Any art style becomes generic if repeated enough. Having now seen a bunch of Ghiblified images, I find them as emptily cloying as a Thomas Kinkade. When you can just push the button to get another, and another, like Kinkade did without a computer, it renders the thing meaningless. What are such images for, when all the specificity of the scene they are supposed to be illustrating has been scrubbed off?
Have some Bouguereau! Long dead and safely out of copyright.
“A traditional American barn dance, in the style of William-Adolphe Bouguereau.”

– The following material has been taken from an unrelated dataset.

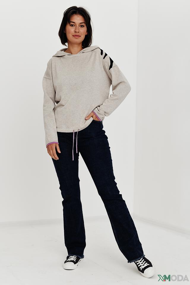 Отделка манжет и низа изделия выполнена из эластичной ткани лилового цвета, что придает толстовке особый шарм. Удобная и практичная модель, идеально подходящая для создания повседневных образов. Состав: 100% хлопок.

Works for dating classifieds, too
I actually feel like this is a particularly bad use of the tool, because it is random enough in the number and scope of its errors that I can’t be confident in my mental picture of this person at all. And on top of that, this specific one renders people in pretty predictable fashion styles, so I don’t really know what she looks like in any sense.
I can’t correct for the errors in the way I could for human-created art. If this were drawn by an actual Ghibli artist, I’d feel pretty confident that it was broadly like her, and then I might be able to extrapolate her facial features by comparing this character to actual Ghibli characters. AI isn’t doing the same function of transforming real-person-features into Ghibli-character-features than a human artist would perform, so I can’t expect that it would map features to drawn features in the same way. It might just pick a “cute” face that looks nothing like her.
I agree it’s not much grey area: why wouldn’t you just leave out the image? I don’t see a case made for what value they bring to posts (
but I also don’t know what kind of posts you’re referring to).If I were one of your friends, I would (edit: be one of those who) ask you not to post a picture of me online. One of my major motivations would be to avoid it becoming training data. If you instead fed a picture of me directly to an LLM explicitly designed to offensively (to him) imitate one of the great artists of our time, I would probably reconsider our friendship altogether.
EDIT: This is clearly an unwelcome comment but nobody is saying why, so I’m asking. I think the tone is more hostile than necessary. I think the substance is pretty light. But to me, both are also clearly in the ballpark of the original post. I can restate it? But again, it feels to me like the original post is being shown undue reverence when I actually think it’s not a very high quality post.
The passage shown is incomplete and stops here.